In my role at 8x8, I’m working with our teams in building the next generation of 8x8 products that make our customers obtain insights and capabilities needed to make better business decisions. Having been in this industry for a while, I’m constantly evaluating the maturity of AI & ML technologies and the challenges faced in implementing them for enhanced customer experiences. The July 2018 Gartner AI technology hype cycle tracks 35 technologies of which 15 are in the Peak of Inflated Expectations category. In other words, they are mostly hype. There are another 7 in the Trough of Disillusionment, which means only 4 have progressed to some degree of maturity with Speech Recognition the most evolved. Gartner research also points out that only 4 percent of CIOs worldwide have an AI project in production. Yet, everyone is talking about AI.

Why are they doing that, if it’s mostly hype? We did our own research to better understand what companies are thinking. We found that 78 percent of Contact Center Professionals surveyed believe AI will have a positive impact on Contact Center applications in the next 2 years. There was pretty strong consistency on this point. Yet, 64 percent said that when it comes to the overall customer experience, AI is not ready. Also, pretty strongly consistent, aren’t they?

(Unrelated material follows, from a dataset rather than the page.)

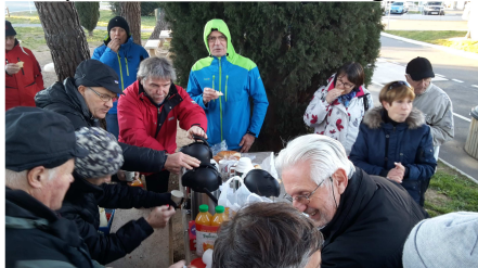
Le petit déj...

Cette année l'ASCE31 a proposé un séjour dans les Alpes à Tignes-Val d'Isère, plus exactement Tignes le Lac.

So what is everyone doing? Investing in AI-based projects right now - at least 77% of them anyway. Why? They know they have to get good at AI now, even if the tech isn’t quite ready. They see areas with tangible benefits and real ROI possibilities.

The key is, where do you start? This blog is the first in a series where we will walk through what we’ve learned from experience along with research, regarding how AI, when done appropriately, can actually enhance speech-based collaboration in your contact center today.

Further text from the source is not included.